No single factor is dispositive, and you don't need to win all six — courts weigh them together on the specific facts. But notice how much overlap there is with the statutory prongs: value, secrecy efforts, and difficulty of duplication appear in both frameworks. If you can answer each factor in your favor, you almost certainly have a trade secret; if several cut against you, expect a fight over whether the asset qualifies at all.

## Is a customer list a trade secret? (the classic gray area)

Customer lists are the most litigated edge case, and the answer is: *it depends on the detail*.

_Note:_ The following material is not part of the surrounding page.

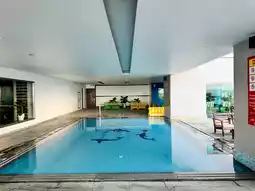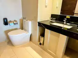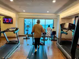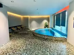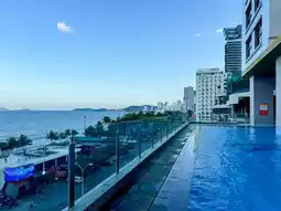 The common area is on the 5th floor, with a separate swimming pool for children, fitness center, and sauna for men and women. However, the rooftop bar costs an additional 200,000 VND per person, which can be exchanged for drinks upstairs

- A **bare list of names** that a competitor could compile from a trade directory, LinkedIn, or a phone book is **readily ascertainable** and usually not protectable.
- A **curated list** built over years — with non-public buying histories, negotiated pricing, key contacts, purchasing cycles, and preferences — can qualify, because the value lies in the compiled, confidential detail, not the identities.

The same logic governs pricing, vendor terms, and margins: raw facts anyone can look up rarely qualify, but the specific, hard-to-assemble, non-public combination that gives you an edge often does — provided you guarded it.

## The bottom line

A trade secret isn't defined by what the information is, but by whether it clears two tests: it must have **independent economic value because it is secret and not readily ascertainable**, and it must be the subject of **reasonable efforts to keep it secret**. Formulas, source code, processes, curated lists, and negative know-how routinely qualify; public information, patent disclosures, readily reverse-engineered details, and an employee's general skill do not. Before you rely on trade secret protection, run your information through both prongs honestly — and if it clears them, guard it accordingly, because the moment secrecy lapses, the asset can be gone for good.

*This guide is general education, not legal advice, and does not create an attorney-client relationship. Whether specific information qualifies as a trade secret turns on your facts and your state's version of the UTSA — consult an attorney licensed in your jurisdiction before acting.*


## Frequently asked questions

### What legally qualifies as a trade secret?

Under the Defend Trade Secrets Act and the Uniform Trade Secrets Act, information qualifies if it meets a two-part test: (1) it derives independent economic value from not being generally known or readily ascertainable by others who could profit from it, and (2) it is the subject of reasonable efforts to keep it secret. Formulas, source code, customer lists, pricing, processes, and negative know-how can all qualify — but only if you genuinely guard them.

### What does not qualify as a trade secret?

Information that is public, published in a patent, or readily ascertainable from a product you sell cannot be a trade secret, no matter how valuable. Anything a competitor can lawfully reverse-engineer or independently develop falls out of protection. So does an employee's general skill, training, and industry knowledge — courts distinguish that portable expertise from your specific confidential information. Finally, information you failed to guard is not protected even if it was otherwise secret.

### What does 'readily ascertainable' mean for a trade secret?

'Readily ascertainable' means the information could be obtained easily and lawfully through proper means — public directories, published sources, reverse-engineering a purchased product, or independent analysis. If a competitor can compile your 'customer list' from a trade directory in an afternoon, it is readily ascertainable and not a trade secret. The bar is 'ready' access: the harder, costlier, and more time-consuming it is to duplicate the information legitimately, the stronger your claim.

### Is a customer list a trade secret?

Sometimes. A bare list of names anyone could pull from a phone book or LinkedIn is readily ascertainable and usually not protectable. But a curated list reflecting years of effort — with buying histories, pricing, contacts, and preferences that are not public and give you a competitive edge — can qualify if you kept it confidential. The value comes from the compiled, non-public detail, not the names alone.